Motor Starting Studies

Motor Starting Studies (based on IEEE Std 3002.7™-2018) This presentation will cover the calculations necessary for analyzing the starting of a large induction or synchronous motor on a three-phase power system. A motor which is large in proportion to the power system which feeds it, in terms of the capabilities of generators, transformers, and feeders, will impose stresses on the system such as over-currents and under-voltages. Depending upon the characteristics of the motor, it may stall and not accelerate, or may accelerate too slowly and overheat, causing damage to the motor. A motor starting study will include a time-domain analysis of the motor acceleration based upon its published curves, in conjunction with load-flow and perhaps transient stability analysis of the supplying power system. A motor starting study may also be needed to properly determine protection settings for the motor protective relay.

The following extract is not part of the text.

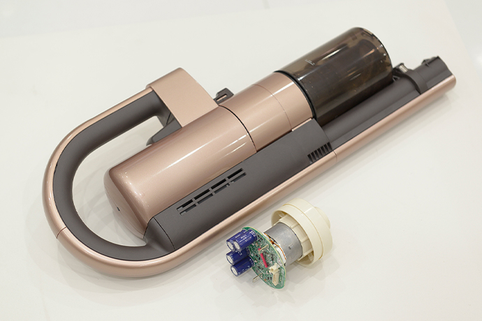山岸さん:やはり、電池の進化が一番大きなポイントだと思います。大容量電池が作れるようになったことでモーターに大電流を流せるようになり、風量を増やすことができるようになりました。昔のコードレスクリーナーはニッケル水素電池を使っていたので、あまり大きな電流を流せませんでした。最近は電池も進化し、それに対応した小型の高回転モーターの開発に成功したことが重なって、吸引力が大きく向上したと思います。

Stability Studies for Industrial Power Systems

A stability analysis provides the time response of a system of rotating machines due to a system disturbance. A stability analysis for a system with local generation is required in several circumstances. Such as: Large motors pull out of step or stall on impact loads. New generation is added to the system. A loss of generation causes a system shutdown. Heavy loading of the generator causes it to pull out of step. A short circuit is not cleared promptly. A tie breaker or line opening event causes system separation.

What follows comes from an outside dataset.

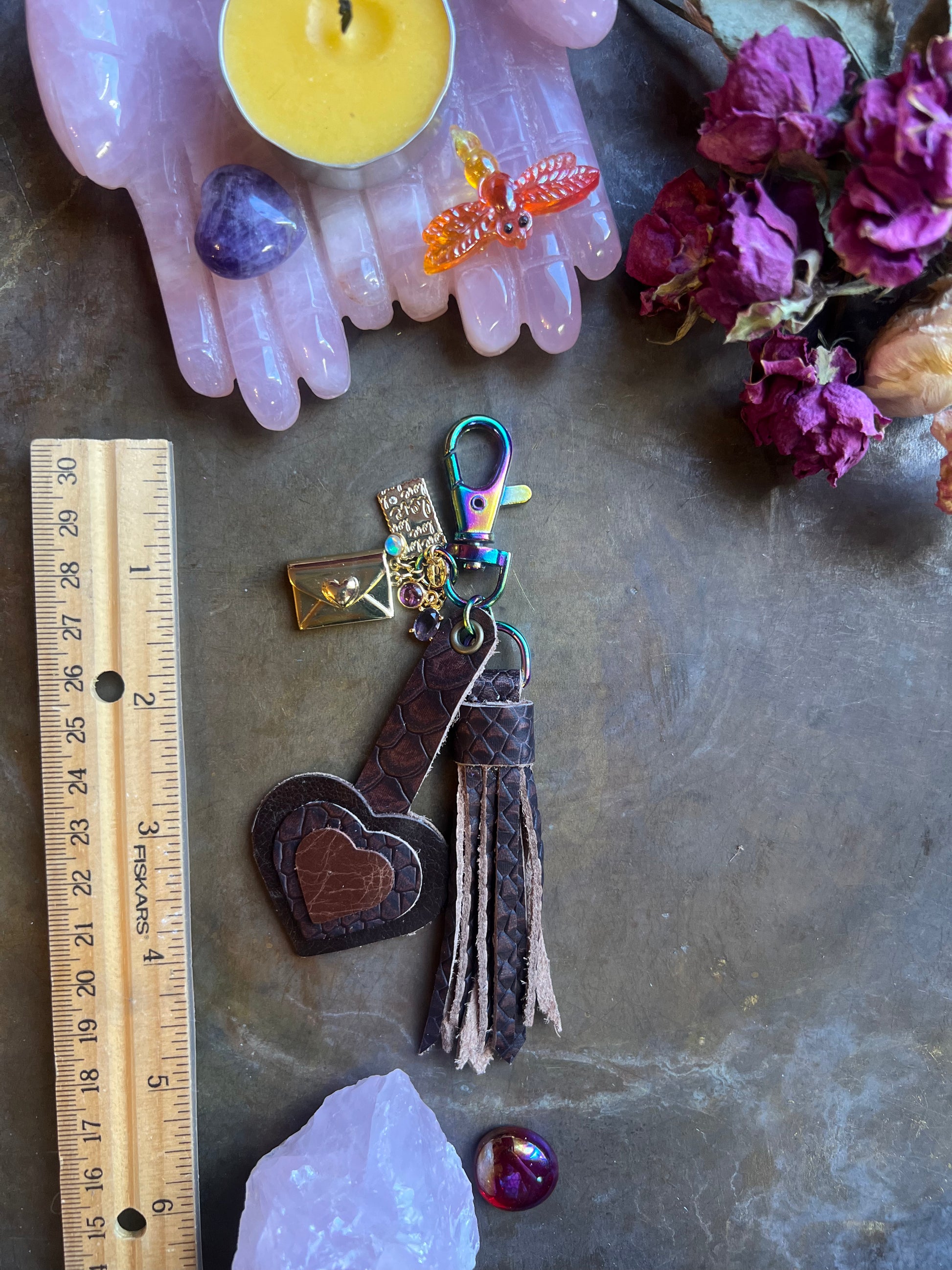 5" brown python embossed leather on iridescent hardware, includes keyring (not pictured.)

The information supplied by a stability study includes: Whether the system relaying will clear a fault before a generator or synchronous motor pulls out of step. The response of the system voltage after a disturbance such as faults or motor starting. The response of the system frequency due to loss of a utility tie for calculating underfrequency relay settings. The amount of load to be shed after an underfrequency relay operation. The generator’s ability to pick up or reject load. Whether motors and generators will remain in step when major ties are opened. The loading and excitation levels of generators to improve the stability limit.